GUILHERME DE CASTRO ALVES
Na Cordilheira altíssima dos Andes
Os Chimborazos solitários, grandes
Ardem naquelas hibernais regiões.
Ruge embalde e fumega a solfatera...
É dos lábios sangrentos da cratera
Que a avalanche vacila aos furacões.
A escória rubra com os geleiros brancos
Misturados resvalam pelo francos
Dos ombros friorentos do vulcão...
.................................
Assim, Poeta, é tua vida imensa,
Cerca-te o gelo, a morte, a indiferença...
E são lavas lá dentro o coração.
A pomba d'aliança o vôo espraia
Na superfície azul do mar imenso,
Rente... rente da espuma já desmaia
Medindo a curva do horizonte extenso...
Mas um disco se avista ao longe... A praia
Rasga nitente o nevoeiro denso!...
Ó pouso! ó monte! ó ramo de oliveira!
Ninho amigo da pomba forasteira! ...
Assim, meu pobre livro as asas larga
Neste oceano sem fim, sombrio, eterno...
O mar atira-lhe a saliva amarga,
O céu lhe atira o temporal de inverno. . .
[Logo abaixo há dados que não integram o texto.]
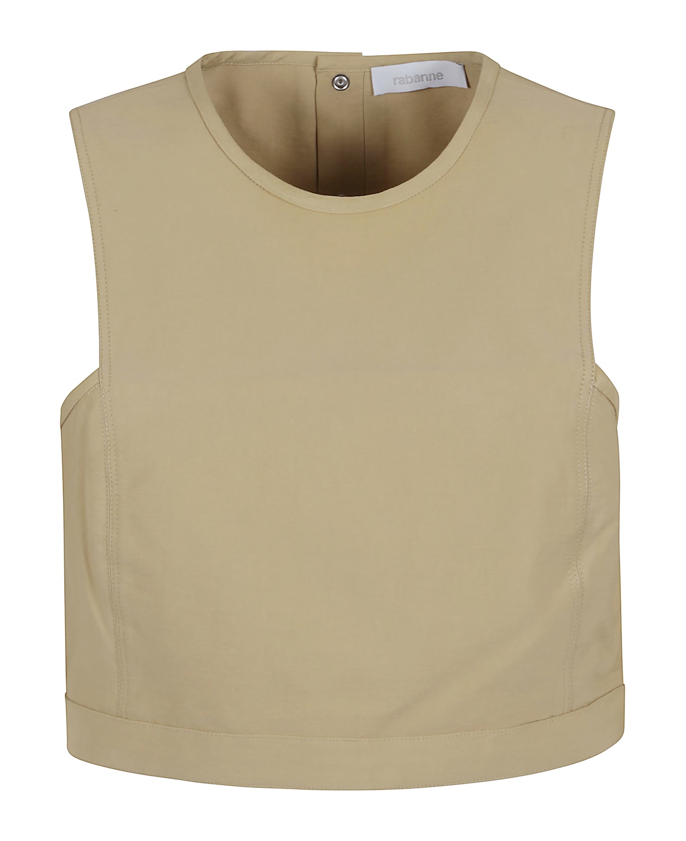 Viscose twill top by PACO RABANNE. Snap button fastening at the back; crew neck; sleeveless. Cropped design. Features a bow at the back.
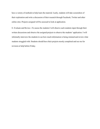 Students will recognize and describe key battles during the revolutionary war through exploration of museums in Second Life and online research. They will create avatars to take pictures in virtual museums, and gather information about battles from Facebook, Twitter, and a website. Students will be required to participate in collaborative projects utilizing these online resources, and share what they learn through screenshots and written discussions. Their work will be assessed to evaluate their understanding and application of the material.

O triste verga à tão pesada carga!
Quem abre ao triste um coração paterno?...
É tão bom ter por árvore — uns carinhos!
É tão bom de uns afetos — fazer ninhos!
Pobre órfão! Vagando nos espaços
Embalde às solidões mandas um grito!
Que importa? De uma cruz ao longe os braços
Vejo abrirem-se ao mísero precito...
Os túmulos dos teus dão-te regaços!
Ama-te a sombra do salgueiro aflito...
Vai, pois, meu livro! e como louro agreste
Traz-me no bico um ramo de... cipreste!
ESPUMAS FLUTUANTES
ERA U'A MÃO de luxo... Era um brinquedo!...
Mas tão bonita que metera medo,
Se não fosse, meu Deus! tão meiga e franca!
Mão p'ra se encher de gemas e brilhantes,
De suspiros, de anelos palpitantes...
Mas p'ra estalar as jóias e os amantes...
Aquela mão tão branca!
Era u'a mão fidalga... exígua, escassa!
Mão de Duquesa! Era u'a mão de raça
De sangue azul, em veios de Carrara!
Alva, tão alva que vencia a idéia
Das neblinas, dos gelos e da garça!...
Amassada no leite de Amaltéia
Aquela mão tão rara!
Tinha um gesto de musa! — Mão que voa,
Que do piano na ideal lagoa,
As asas banha em rapidez não vista!...
Como a andorinha que se arroja à toa,
Cruzando em beijos a extensão das teclas!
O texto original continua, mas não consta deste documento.